*RECORDS FOR THE EXERCISE*.
━━━━━━
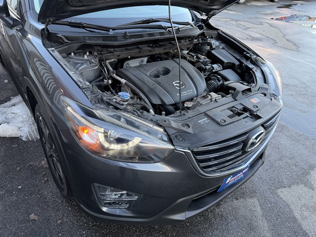 Here is our 2016 Mazda CX-5 Grand Touring! This Mazda is fully loaded with smart key access with push to start, a leather interior, heated seats, Navigation, a sunroof, Bluetooth With Pandora, a backup camera, a blind spot monitor system, adaptive xenon headlights with led daytime running lights, led fog lights and so much more! It has been fully serviced with brand new brakes both in the front and in the rear, a brand new set of all season tires, two brand new lower control arms with ball joints, outer tie rods, an alignment, synthetic oil change, new all season floor mats and more leaving this Mazda now ready for a new home!
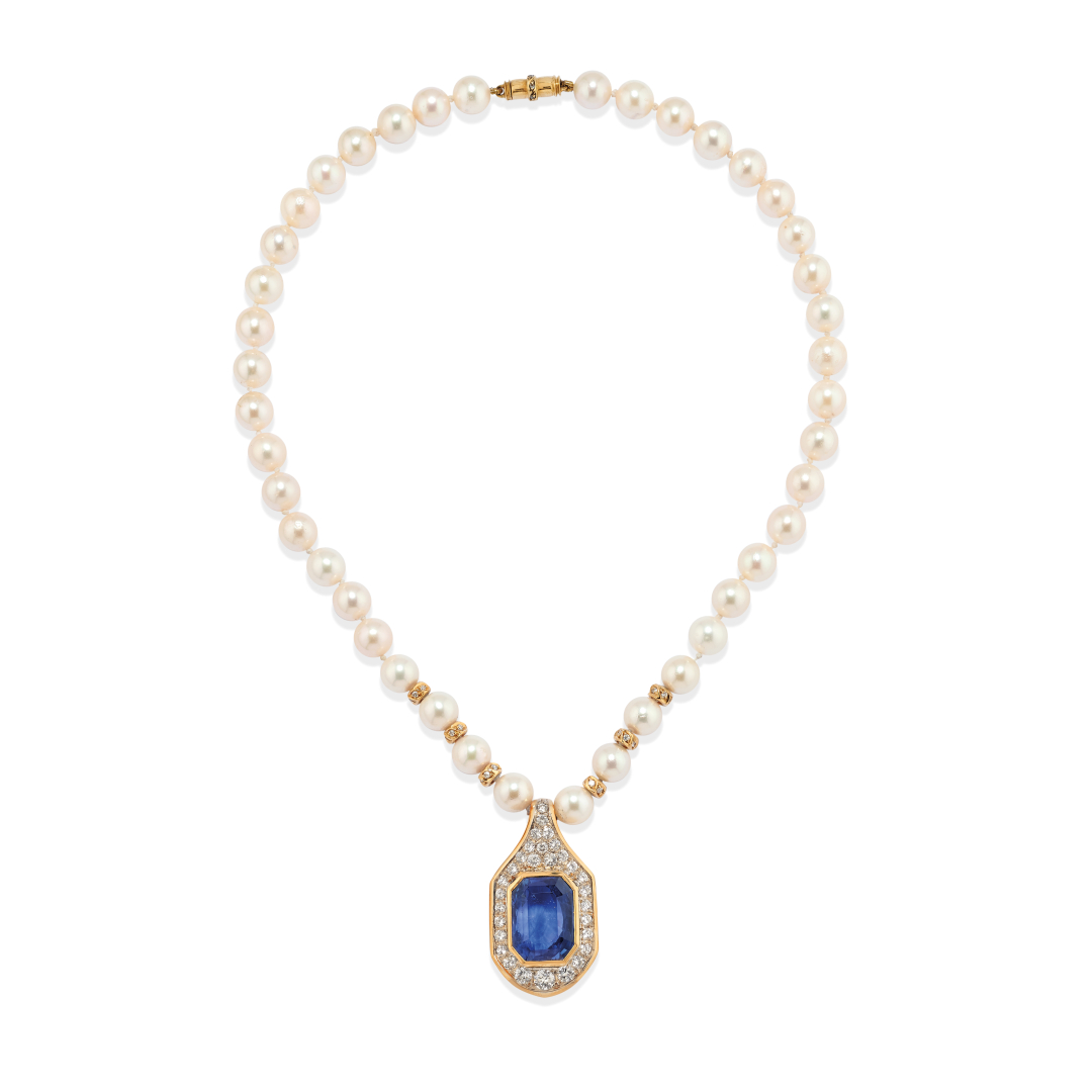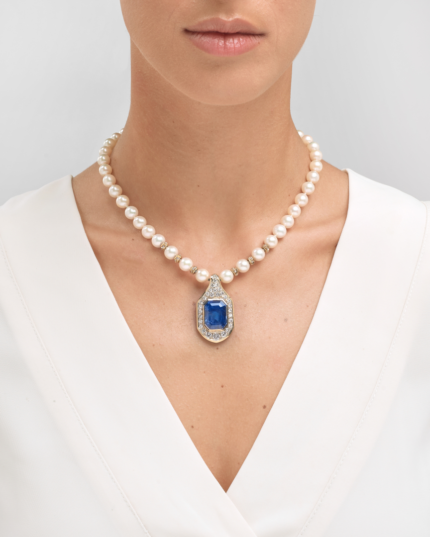 in perle coltivate di mm 7,00 circa che sorreggono un ciondolo in oro giallo e diamanti di ct 2,00 ca e con al centro uno zaffiro naturale di taglio rettangolare a gradini di ct 19,00 ca. Certificato CISGEM Milano.
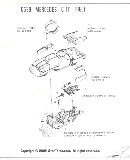 Figure 1 of the Mebetoys (Gran Toros) Mercedes C111 kit instructions. |
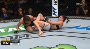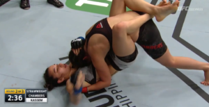 Once again forced to work off her back, Kassem wasted no time in attempting a submission, working first from a crooked guard position to attempt a triangle after Chambers came too far forward in an attempt to pass Kassem’s guard.
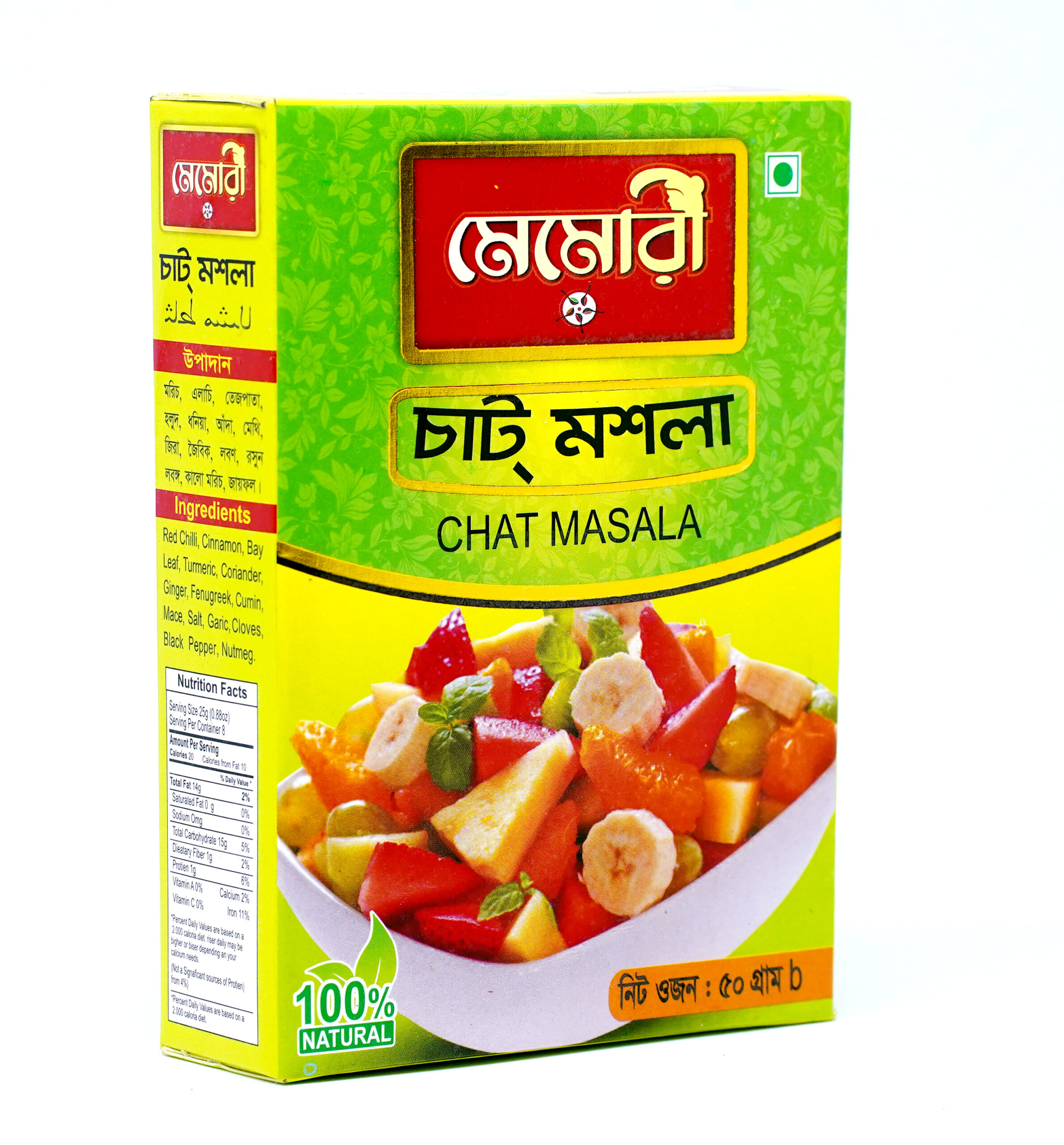 মেমোরি চাট মসলা হলো একটি স্পেশাল স্পাইস ব্লেন্ড, যা আপনার প্রতিটি চাট, ফল, সালাদ, ডাল বা পানীয়কে করে তোলে আরো প্রাণবন্ত ও মশলাদার! এতে রয়েছে বেছে নেওয়া দেশীয় মশলার নিখুঁত সংমিশ্রণ— লাল মরিচ, দারুচিনি, তেজপাতা, হলুদ, ধনে, মেথি, জিরা, জয়ত্রী, জয়ফল, রসুন, লবঙ্গ ও আরও অনেক কিছু।
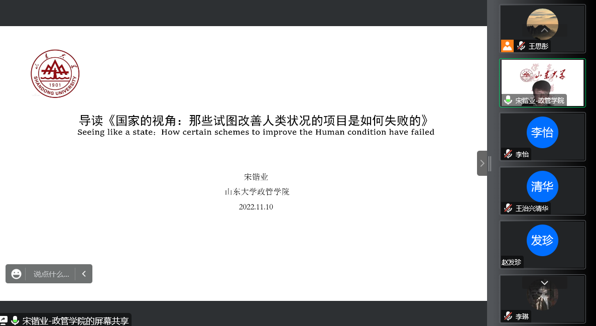 11月10日晚,滚球买球的app官网公共管理系本学期第二期“本本优本”读书会于线上举办。本次读书会导读书目为《国家的视角:那些试图改善人类状况的项目是如何失败的》,由学院助理研究员宋锴业领读,学院各年级三十余名本科生参与。
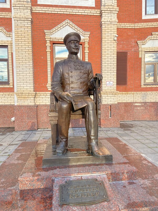Интересный памятник открыт на берегу Малой Кокшаги в Йошкар -Оле на, так называемой в народе «набережной Брюгге» Александр Андреевич Келлер, происходит из немецких дворян, как пишут некоторые сайты. Правда, неизвестно где он родился, нет даже фотографий его при жизни. Но историки и специалисты по званиям иерархии царской России пусть в этом сами разбираются. Важно, что марийцы чтут своего земляка, за то что добровольно поехал в Царевококшайск, который входил в Казанскую губернию. В общем, отправился в глубинку сам, и, видимо, сотворил выдающиеся добрые дела! Даже сейчас не многие хотят из столицы Татарстана туда ехать. На автобусе это занимает около 2-х часов. А раньше передвижение было на лошади в бричке! Но вернемся к памятнику и народному герою. Келлер А. А.- родом из немецких баронов, принявших российское подданство и православное вероисповедание. Получил домашнее образование! В 1807 г поступил на службу в российскую армию, в гусарский полк в звании унтер-офицера, через 6 лет в 1813 г получил звание корнета. Был участником Отечественной Войны с французскими захватчиками. Был ранен в обе ноги. Но это отдельная история. С 1817 года исполнял должность дивизионного адъютанта. И за «доведение до отличного устройства нижних чинов» учебного эскадрона ему было объявлено «Высочайшее Благоволение». После, в 1820 г оставил военную службу и переехал жить в Казанскую губернию. В 1830 г стал земским исправником Царевококшайского уезда. В должности окружного начальника оставался до начала 1862 года. А это суммарно более 30 лет преданной службы государю, в должности большого чиновника! На свои личные средства открыл несколько гимназий в деревнях уезда и потом их на свои средства поддерживал. Написал трактат в 1837 г « Статистическое описание Царевококшайского уезда» , что и является его главным историческим наследием. Именно этот факт, и совокупно аккуратная долгая служба, благотворительность, и послужили основными причинами увековечивания памяти. Памятник необычный, установлен на низком пьедестале, что приближает фигуру к народу, на сколько максимально возможно. И это символично, а еще позволяет прикоснуться, всем желающим, что они и делают! А туристам я желаю доброго созерцания этого шедевра, и набережной в Йошкар-Оле. Это прекрасный город!
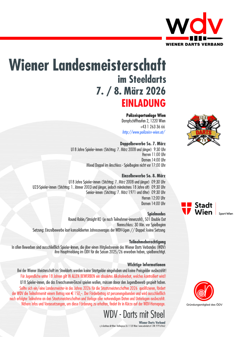Wie es bereits Tradition ist, finden Anfang März die offiziellen Wiener Landesmeisterschaften im Steeldarts statt. Stattfinden werden sie heuer erstmals auf der Polizeisportanlage am Dampfschiffhaufen 2, 1220 Wien und wir freuen uns sehr, dass wir dort zu Gast sein dürfen. Am Samstag den 7. März finden die Doppelbewerbe (Damen, Herren, Jugend und Mixed) statt, am Sonntag den 8. März die Einzelbewerbe (Damen, Herren, U18, U23 und Ü55). In den Einzelbewerben wird wird die Setzung anhand der konsolidierten Jahresaverages der WDV-Ligen durchgeführt, in den Doppelbewerben wird traditionsgemäß keine Setzung vorgenommen. IN ALLEN BEWERBEN sind ausschließlich Spieler·innen, die über einen Mitgliedsverein des Wiener Darts Verbandes (WDV) ihre Hauptmeldung im ÖDV für die Saison 2025/26 erworben haben, spielberechtigt [Anm.: ob das in Form einer Meldung in einer der beiden WDV-Ligen oder in Form einer WDV-Versicherungskarte erfolgt ist, ist unerheblich]. Und auch heuer wird der WDV die Landesmeister·innen des Jahres 2026, welche sich für die Österreichischen Staatsmeisterschaften 2026 qualifizieren, finanziell unterstützen. Nähere Infos dazu, bzgl. Teilnahmeberechtigung, Beginnzeiten usw. entnehmt bitte dem beigefügten Plakat. Achtung: Für Jugendliche unter 18 Jahren gilt IN ALLEN BEWERBEN ein absolutes Alkoholverbot, welches kontrolliert wird! Näheres zur Anreise zur Sportanlage findet ihr im Beitrag. Wir freuen uns auf möglichst viele Teilnehmer·innen. Euer WDV-Vorstand.
━━━━━━
*WHAT IS BEING ASKED*. Give back the entries above exactly as they stand. Leave the images out.

*WRITTEN ANSWER*.
 Here is our 2016 Mazda CX-5 Grand Touring! This Mazda is fully loaded with smart key access with push to start, a leather interior, heated seats, Navigation, a sunroof, Bluetooth With Pandora, a backup camera, a blind spot monitor system, adaptive xenon headlights with led daytime running lights, led fog lights and so much more! It has been fully serviced with brand new brakes both in the front and in the rear, a brand new set of all season tires, two brand new lower control arms with ball joints, outer tie rods, an alignment, synthetic oil change, new all season floor mats and more leaving this Mazda now ready for a new home!
 in perle coltivate di mm 7,00 circa che sorreggono un ciondolo in oro giallo e diamanti di ct 2,00 ca e con al centro uno zaffiro naturale di taglio rettangolare a gradini di ct 19,00 ca. Certificato CISGEM Milano.
 Figure 1 of the Mebetoys (Gran Toros) Mercedes C111 kit instructions. |
 Once again forced to work off her back, Kassem wasted no time in attempting a submission, working first from a crooked guard position to attempt a triangle after Chambers came too far forward in an attempt to pass Kassem’s guard.
 মেমোরি চাট মসলা হলো একটি স্পেশাল স্পাইস ব্লেন্ড, যা আপনার প্রতিটি চাট, ফল, সালাদ, ডাল বা পানীয়কে করে তোলে আরো প্রাণবন্ত ও মশলাদার! এতে রয়েছে বেছে নেওয়া দেশীয় মশলার নিখুঁত সংমিশ্রণ— লাল মরিচ, দারুচিনি, তেজপাতা, হলুদ, ধনে, মেথি, জিরা, জয়ত্রী, জয়ফল, রসুন, লবঙ্গ ও আরও অনেক কিছু।
 11月10日晚,滚球买球的app官网公共管理系本学期第二期“本本优本”读书会于线上举办。本次读书会导读书目为《国家的视角:那些试图改善人类状况的项目是如何失败的》,由学院助理研究员宋锴业领读,学院各年级三十余名本科生参与。
Интересный памятник открыт на берегу Малой Кокшаги в Йошкар -Оле на, так называемой в народе «набережной Брюгге» Александр Андреевич Келлер, происходит из немецких дворян, как пишут некоторые сайты. Правда, неизвестно где он родился, нет даже фотографий его при жизни. Но историки и специалисты по званиям иерархии царской России пусть в этом сами разбираются. Важно, что марийцы чтут своего земляка, за то что добровольно поехал в Царевококшайск, который входил в Казанскую губернию. В общем, отправился в глубинку сам, и, видимо, сотворил выдающиеся добрые дела! Даже сейчас не многие хотят из столицы Татарстана туда ехать. На автобусе это занимает около 2-х часов. А раньше передвижение было на лошади в бричке! Но вернемся к памятнику и народному герою. Келлер А. А.- родом из немецких баронов, принявших российское подданство и православное вероисповедание. Получил домашнее образование! В 1807 г поступил на службу в российскую армию, в гусарский полк в звании унтер-офицера, через 6 лет в 1813 г получил звание корнета. Был участником Отечественной Войны с французскими захватчиками. Был ранен в обе ноги. Но это отдельная история. С 1817 года исполнял должность дивизионного адъютанта. И за «доведение до отличного устройства нижних чинов» учебного эскадрона ему было объявлено «Высочайшее Благоволение». После, в 1820 г оставил военную службу и переехал жить в Казанскую губернию. В 1830 г стал земским исправником Царевококшайского уезда. В должности окружного начальника оставался до начала 1862 года. А это суммарно более 30 лет преданной службы государю, в должности большого чиновника! На свои личные средства открыл несколько гимназий в деревнях уезда и потом их на свои средства поддерживал. Написал трактат в 1837 г « Статистическое описание Царевококшайского уезда» , что и является его главным историческим наследием. Именно этот факт, и совокупно аккуратная долгая служба, благотворительность, и послужили основными причинами увековечивания памяти. Памятник необычный, установлен на низком пьедестале, что приближает фигуру к народу, на сколько максимально возможно. И это символично, а еще позволяет прикоснуться, всем желающим, что они и делают! А туристам я желаю доброго созерцания этого шедевра, и набережной в Йошкар-Оле. Это прекрасный город!
Wie es bereits Tradition ist, finden Anfang März die offiziellen Wiener Landesmeisterschaften im Steeldarts statt. Stattfinden werden sie heuer erstmals auf der Polizeisportanlage am Dampfschiffhaufen 2, 1220 Wien und wir freuen uns sehr, dass wir dort zu Gast sein dürfen. Am Samstag den 7. März finden die Doppelbewerbe (Damen, Herren, Jugend und Mixed) statt, am Sonntag den 8. März die Einzelbewerbe (Damen, Herren, U18, U23 und Ü55). In den Einzelbewerben wird wird die Setzung anhand der konsolidierten Jahresaverages der WDV-Ligen durchgeführt, in den Doppelbewerben wird traditionsgemäß keine Setzung vorgenommen. IN ALLEN BEWERBEN sind ausschließlich Spieler·innen, die über einen Mitgliedsverein des Wiener Darts Verbandes (WDV) ihre Hauptmeldung im ÖDV für die Saison 2025/26 erworben haben, spielberechtigt [Anm.: ob das in Form einer Meldung in einer der beiden WDV-Ligen oder in Form einer WDV-Versicherungskarte erfolgt ist, ist unerheblich]. Und auch heuer wird der WDV die Landesmeister·innen des Jahres 2026, welche sich für die Österreichischen Staatsmeisterschaften 2026 qualifizieren, finanziell unterstützen. Nähere Infos dazu, bzgl. Teilnahmeberechtigung, Beginnzeiten usw. entnehmt bitte dem beigefügten Plakat. Achtung: Für Jugendliche unter 18 Jahren gilt IN ALLEN BEWERBEN ein absolutes Alkoholverbot, welches kontrolliert wird! Näheres zur Anreise zur Sportanlage findet ihr im Beitrag. Wir freuen uns auf möglichst viele Teilnehmer·innen. Euer WDV-Vorstand.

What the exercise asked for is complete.